## Instructions to follow
Retype, exactly and completely, the listing that comes next, skipping its images.

## Stored data

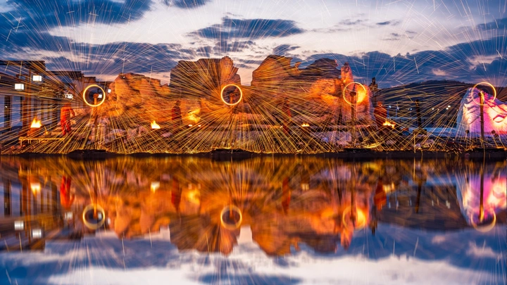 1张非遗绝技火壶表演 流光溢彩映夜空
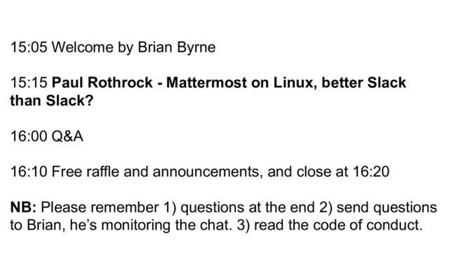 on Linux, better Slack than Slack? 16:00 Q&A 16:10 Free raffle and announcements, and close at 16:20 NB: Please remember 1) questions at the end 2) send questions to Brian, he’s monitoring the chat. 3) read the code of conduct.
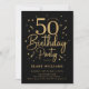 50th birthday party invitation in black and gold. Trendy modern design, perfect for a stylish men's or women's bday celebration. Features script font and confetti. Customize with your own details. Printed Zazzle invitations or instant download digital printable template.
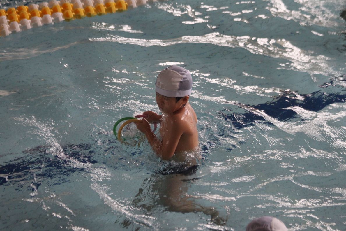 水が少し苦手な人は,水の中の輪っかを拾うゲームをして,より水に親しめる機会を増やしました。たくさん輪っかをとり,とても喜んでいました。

## Task response
 1张非遗绝技火壶表演 流光溢彩映夜空
 on Linux, better Slack than Slack? 16:00 Q&A 16:10 Free raffle and announcements, and close at 16:20 NB: Please remember 1) questions at the end 2) send questions to Brian, he’s monitoring the chat. 3) read the code of conduct.
 50th birthday party invitation in black and gold. Trendy modern design, perfect for a stylish men's or women's bday celebration. Features script font and confetti. Customize with your own details. Printed Zazzle invitations or instant download digital printable template.
 水が少し苦手な人は,水の中の輪っかを拾うゲームをして,より水に親しめる機会を増やしました。たくさん輪っかをとり,とても喜んでいました。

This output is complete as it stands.